The following code works using concurrent futures (threaded), but I want to convert it to the multiprocessing equivalent (concurrent futures - ProcessPoolExecutor is too heavyweight for me, and gives me some pickling errors anyway).
from concurrent import futures
with futures.ThreadPoolExecutor(max_workers=4) as executor:
# A dictionary which will contain a list the future info in the key, and the filename in the value
jobs = {}
# Loop through the files, and run the parse function for each file, sending the file-name to it, along with the kwargs of parser_variables.
# The results of the functions can come back in any order.
for this_file in files_list:
job = executor.submit(parse_log_file.parse, this_file, **parser_variables)
jobs[job] = this_file
# Get the completed jobs whenever they are done
for job in futures.as_completed(jobs):
debug.checkpointer("Multi-threaded Parsing File finishing")

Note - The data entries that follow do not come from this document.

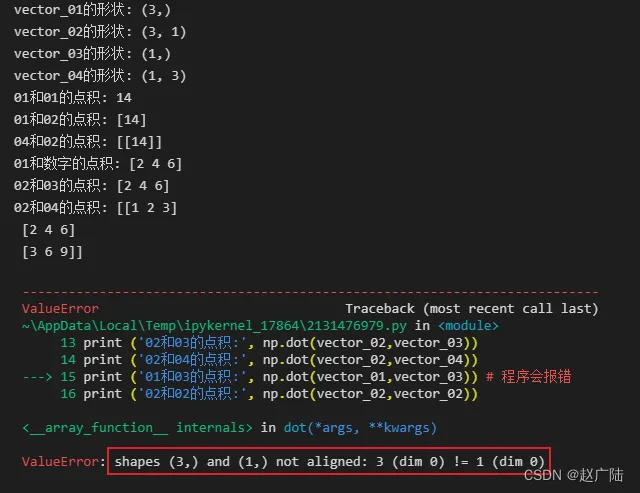 vector_01 = np.array([1,2,3]) vector_02 = np.array([[1],[2],[3]]) vector_03 = np.array([2]) vector_04 = vector_02.reshape(1,3) print ('vector_01的形状:', vector_01.shape) print ('vector_02的形状:', vector_02.shape) print ('vector_03的形状:', vector_03.shape) print ('vector_04的形状:', vector_04.shape) print ('01和01的点积:', np.dot(vector_01,vector_01)) print ('01和02的点积:', np.dot(vector_01,vector_02)) print ('04和02的点积:', np.dot(vector_04,vector_02)) print ('01和数字的点积:', np.dot(vector_01,2)) print ('02和03的点积:', np.dot(vector_02,vector_03)) print ('02和04的点积:', np.dot(vector_02,vector_04)) # print ('01和03的点积:', np.dot(vector_01,vector_03)) # 程序会报错 # print ('02和02的点积:', np.dot(vector_02,vector_02))
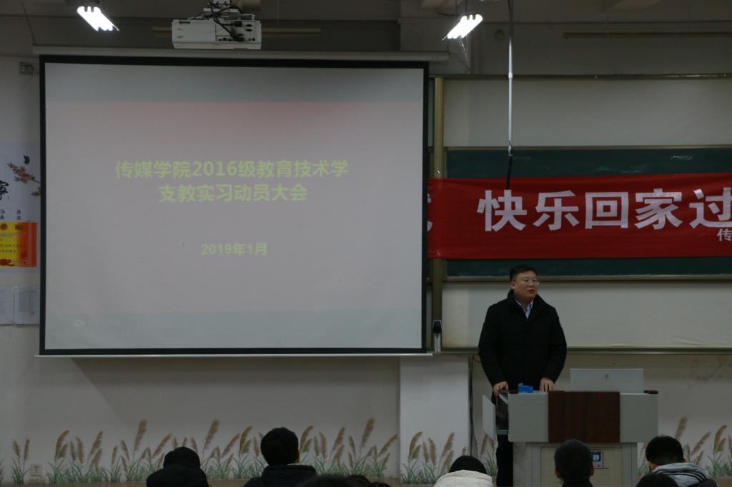 为贯彻落实《完美体育(中国)官方网站师范生实习支教工作管理办法》相关规定,保障实习工作顺利开展,传媒学院于1月17日召开2016级教育技术学专业实习支教动员大会。传媒学院党委书记李兴保、党委副书记徐正伟、副院长赵可云、团委书记张守荣及全体实习指导老师出席,2016级教育技术学专业全体学生参加大会。
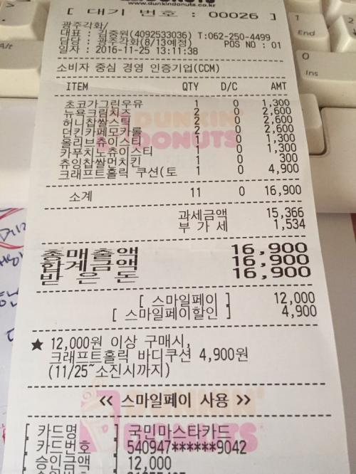 계산은 빵 12000원 + 인형 4900 한다음 스마일페이 결제하면 자동할인되네요 ^^
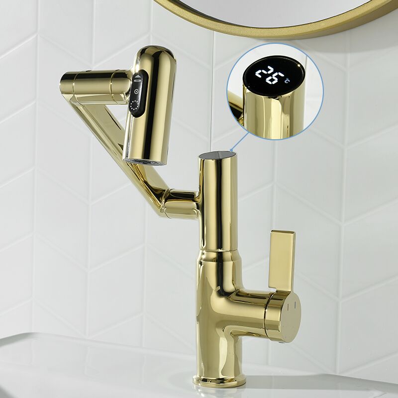 Brushed Gold Brass Wash Basin Faucet Mixer Tap Bathroom Sink Led Vanity Faucet

# Send the result of the file the job is based on (jobs[job]) and the job (job.result)
result_content = job.result()
this_file = jobs[job]
It doesn't matter what order the results come back in.
When I tried with pool.apply
, pool.apply_async
, and pool.map
(despite reading this question, I'm not much clearer on the differences) I got kwarg related errors:
TypeError: apply() got an unexpected keyword argument 'variable_list'
How do I convert the above to its multiprocessing equivilent?